Looking at the year 2015 we can see seasonanilty.

In [None]:
data_year = data.loc[(data['date'] >= '2015-01-01') & (data['date'] < '2016-01-01')]
data_year.loc[data_year['store'] == 8].loc[data_year['item'] == 35]['sales'].plot()

In [None]:
def moving_average(a, n=3) :
    ret = np.cumsum(a, dtype=float)
    ret[n:] = ret[n:] - ret[:-n]
    return ret[n - 1:] / n

plt.figure(figsize=(20,10))
weeks = [1, 4, 8, 12]
sales = data.loc[data['store'] == 8].loc[data['item'] == 35]['sales'].tolist()

for i in range(4):
    plt.subplot(2, 2, i+1)
    res = moving_average(sales, n=7*(weeks[i]))
    plt.plot(res)
    
plt.show()

The rolling averages over a week and a month show that there seem to be two seasonality scales. The sales seem to vary thoughout a week as well as a month. 
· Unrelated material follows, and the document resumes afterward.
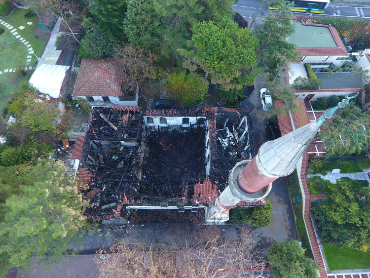 Cami ve bitişiğindeki hünkar kasrı ile avluda bulunan müştemilat, şadırvan ve parsel duvarlarındaki restorasyon ve onarım çalışmaları süren camide yangının bıraktığı izler siliniyor.
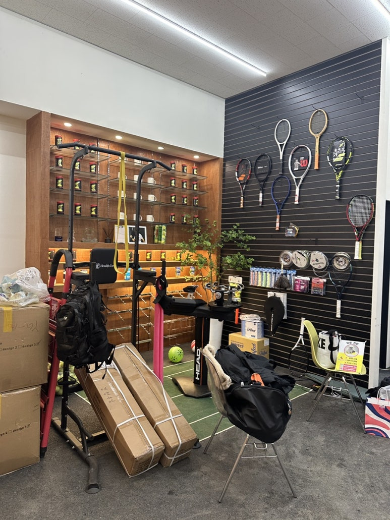 매장 안쪽을 보게되면 화장실도 있고 준비된 라켓도 있습니다.

From the rolling average over three month you can see the trend of overall increasing sales.

Let's look at the variation within a month in more detail.

### Month scale

For May 2015 we can see the inner-month seasonality. There is a variation of sales throughout a week.

In [None]:
data_month = data_year.loc[(data_year['date'] >= '2015-05-01') & (data_year['date'] < '2015-06-01')]
data_month.loc[data_month['store'] == 8].loc[data_month['item'] == 35]['sales'].plot()

In [None]:
test = data_month.loc[data_month['store'] == int(3)].loc[data_month['item'] == int(39)]
test.index = test.date
test = test['sales']

decomposed = seasonal_decompose(test, model='additive')
x = decomposed.plot()

## Conclusion

The data is complete and clean. There is a trend of increasing sales over the given years. For any combination of store and item there is an increase in sales in the first half of the year and a decrease in the second half.